Exchange-traded notes (ETNs) are hot. That's right, ETNs that's no typo. Do not confuse ETNs with their cousins, exchange-traded funds (ETFs), which because of their low cost and tax efficiency have become the financial world's iPod equivalent. According to the Investment Company Institute, ETFs have grown from virtually nothing to $485 billion in assets in less then two decades. And now Barclays

Exchange-traded notes (ETNs) are hot. That's right, ETNs — that's no typo. Do not confuse ETNs with their cousins, exchange-traded funds (ETFs), which because of their low cost and tax efficiency have become the financial world's iPod equivalent. According to the Investment Company Institute, ETFs have grown from virtually nothing to $485 billion in assets in less then two decades. And now Barclays Bank, the largest player in the ETF market, has introduced ETNs and says they may be more cost-effective than ETFs. While the ETNs are less than a year old, they already boast $2.7 billion in assets. So far Barclays is the only company that has launched the new investments, but Merrill Lynch plans to enter the field and other groups are sure to follow.
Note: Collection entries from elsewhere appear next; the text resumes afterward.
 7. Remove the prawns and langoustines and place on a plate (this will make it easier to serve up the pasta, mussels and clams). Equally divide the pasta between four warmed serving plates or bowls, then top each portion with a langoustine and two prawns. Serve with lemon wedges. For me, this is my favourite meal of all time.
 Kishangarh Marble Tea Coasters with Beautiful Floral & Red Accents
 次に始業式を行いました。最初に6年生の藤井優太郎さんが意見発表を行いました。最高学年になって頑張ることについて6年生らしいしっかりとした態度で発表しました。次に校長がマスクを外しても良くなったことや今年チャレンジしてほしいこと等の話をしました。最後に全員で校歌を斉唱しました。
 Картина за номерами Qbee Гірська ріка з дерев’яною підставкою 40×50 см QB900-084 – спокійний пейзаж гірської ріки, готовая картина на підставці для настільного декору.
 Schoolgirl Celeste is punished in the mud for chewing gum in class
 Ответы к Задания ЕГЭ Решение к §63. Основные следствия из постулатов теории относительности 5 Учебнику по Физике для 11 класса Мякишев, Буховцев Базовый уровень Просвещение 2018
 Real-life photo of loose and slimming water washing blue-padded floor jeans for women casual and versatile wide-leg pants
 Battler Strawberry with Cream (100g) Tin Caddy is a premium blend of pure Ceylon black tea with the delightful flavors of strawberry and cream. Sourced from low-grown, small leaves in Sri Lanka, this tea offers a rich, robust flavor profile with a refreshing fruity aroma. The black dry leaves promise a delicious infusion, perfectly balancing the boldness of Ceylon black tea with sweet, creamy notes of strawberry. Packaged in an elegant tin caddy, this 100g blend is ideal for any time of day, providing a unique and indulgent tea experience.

What makes ETNs intriguing is that they appear to be more tax efficient than ETFs. And the new notes can track indexes more closely than ETFs. So far Barclays has listed eight ETNs, including three that mimic commodity benchmarks and one that follows an index of the National Stock Exchange of India (NSE). Barclays soon hopes to bring out more products, perhaps including notes that track high-yield bonds and emerging market debt. The bank expects the rapid growth in its new notes to continue: “The ETNs have been very successful with financial advisors and registered investment advisors,” says Philippe El-Asmar, head of investor solutions, Americas, for Barclays Capital.

How ETNs Work

To appreciate the appeal of ETNs, compare Barclays India selection, iPath MSCI India Index, with a hypothetical ETF that follows the same benchmark. In order to track the index, the ETF must own all-or most-of the stocks in the benchmark. Buying the stocks involves some trading costs, which erode returns. Trading in India is particularly expensive because many of the stocks are small and illiquid. In addition, some of the stocks pay dividends. Under IRS rules, the ETF must distribute dividends to investors every year, resulting in tax bills for shareholders.
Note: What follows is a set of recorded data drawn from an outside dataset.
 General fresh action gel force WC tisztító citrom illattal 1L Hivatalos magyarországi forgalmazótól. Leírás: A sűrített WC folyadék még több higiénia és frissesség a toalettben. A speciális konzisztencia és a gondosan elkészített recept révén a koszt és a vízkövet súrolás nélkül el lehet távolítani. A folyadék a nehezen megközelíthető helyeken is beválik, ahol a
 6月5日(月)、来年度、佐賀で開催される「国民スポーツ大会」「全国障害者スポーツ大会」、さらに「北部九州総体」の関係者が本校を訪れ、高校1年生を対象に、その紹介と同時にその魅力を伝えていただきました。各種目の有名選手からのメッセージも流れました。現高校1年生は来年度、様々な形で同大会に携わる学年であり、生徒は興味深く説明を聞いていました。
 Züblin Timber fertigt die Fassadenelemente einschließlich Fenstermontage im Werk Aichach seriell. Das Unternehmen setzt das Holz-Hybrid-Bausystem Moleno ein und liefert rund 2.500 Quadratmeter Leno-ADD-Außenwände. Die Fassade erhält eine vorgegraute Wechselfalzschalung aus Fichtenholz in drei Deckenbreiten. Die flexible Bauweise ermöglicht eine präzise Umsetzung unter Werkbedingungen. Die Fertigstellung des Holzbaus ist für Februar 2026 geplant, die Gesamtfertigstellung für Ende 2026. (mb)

The trick with an exchange-traded note is that it does not own a portfolio of stocks; instead it is a senior secured note issued by Barclays. The value of the note tracks the benchmark. Because it owns no stocks, the ETN avoids the trading costs incurred by ETFs. Institutions can buy the ETNs directly from Barclays and pay the benchmark price plus expenses. Institutions who want to get out of the ETN can sell it to Barclays, which pledges to pay an amount exactly equal to the benchmark minus expenses. Retail investors can buy and sell the notes on stock exchanges. To make a trade, retail investors must go through a broker and pay the normal commission that is charged for any stock or ETF. Like all securities, the ETNs have a bid-ask spread on each trade, which typically runs from 5 to 10 basis points. But any price fluctuations away from the index should remain small. Because Barclays stands ready to redeem the securities, they should tend to track the index very closely.

In addition, because it doesn't own any stocks, the Barclays instrument does not distribute any dividends. This should mean that investors do not need to pay any tax bills-unless they sell the notes and face capital gains.
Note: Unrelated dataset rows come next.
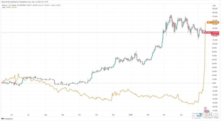一条推文在美股交易和加密社区中同时疯传,五小时浏览量突破 600 万次。这条推文来自曾经的美股员 Roaring Kitty,这是他时隔三年后发的第一条推文。尽管没人说得清推文内容代表了什么,许多人在X上高呼「Roaring Kitty 回来了」!熟悉的风致使meme 股狂热卷土重来,GameStop (GME) 的价格继周一上涨 74% 后,周二飙升 60%。 根据 TradingView 的数据,在年度图表上,GameStop 股票的回报为 154% 以上,比特币的年回报为 129% 左右,而 GameStop 的大部分涨幅来自过去两天,收益轻松超过 BTC。Meme股GME重现江湖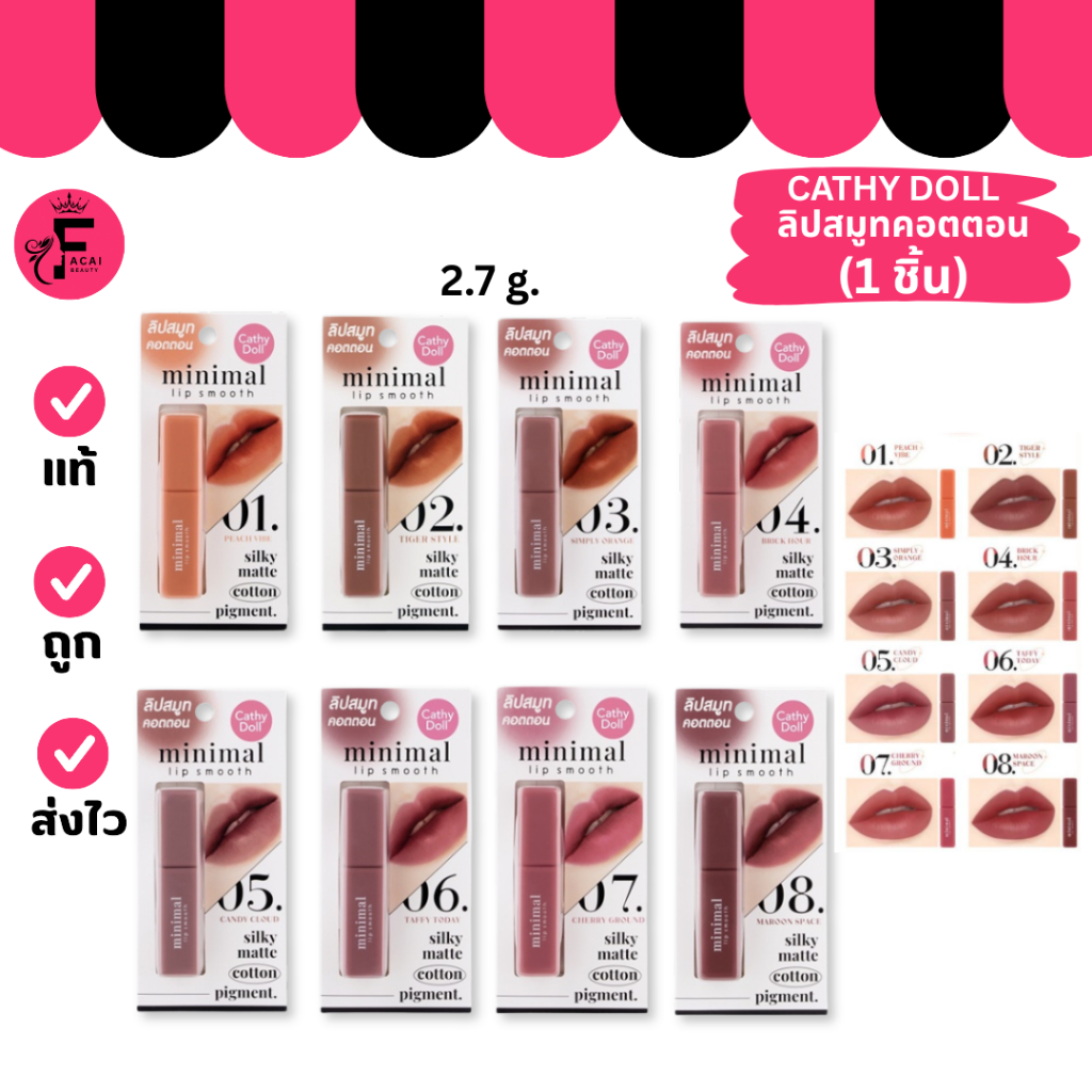 (1 แท่ง) Cathy Doll มินิมอลลิปสมูท ลิปสติกเนื้อคอตตอน มี 8 เฉดสี (ปริมาณ 2.7 กรัม)
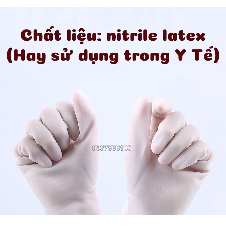 Găng tay cao su siêu bền, siêu dai được làm từ chất liệu Nitrile Latex (Hay dùng trong Y tế) có độ đàn hồi cực kỳ tốt, chống rách cao, tạo cảm giác chân thực khi cầm nắm. Có khả năng chống hao mòn, chống đâm thủng, chống hóa chất☑️ THÔNG TIN SẢN PHẨM: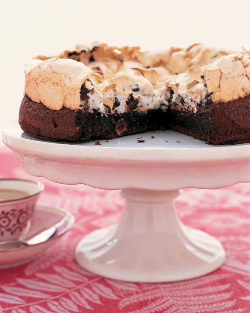 Remove cake from oven. Using an offset spatula, spread meringue mixture on top of cake and return to oven. Bake until meringue is crisp and lightly browned, about 25 to 30 Minutes. Remove from oven and let cool on wire rack for 10 Minutes. Loosen edges with spatula and release sides of pan. Let cool about 30 minutes before serving.

Some investors worry that the ETNs may be less tax efficient than they appear. Barclays has an opinion from its outside counsel, New York law giant Sullivan & Cromwell, that the notes do not appear to be taxable on an annual basis. Barclays points out that the ETNs resemble structured notes, which have existed for 15 years and do not create annual tax bills. Structured notes — issues that are customized for big clients — track benchmarks such as the S&P 500. But skeptics point out that the IRS has not yet ruled on the tax status of ETNs. “ETNs are young, and it is not yet clear how they will perform over the long term,” says Gus Sauter, chief investment officer of Vanguard Group, a competitor of Barclays in the ETF market.

If the IRS ruled in Barclays favor, ETN sales could explode. But even if the IRS delivers an unfavorable word-or never rules at all-the ETNs could still be enormously successful, say sources outside Barclays. “If people want exposure to India, for example, then the ETN is a way to get it,” says an accounting expert at New York Life who did not want to be identified. “If the tax advantage stands, that will be icing on the cake.”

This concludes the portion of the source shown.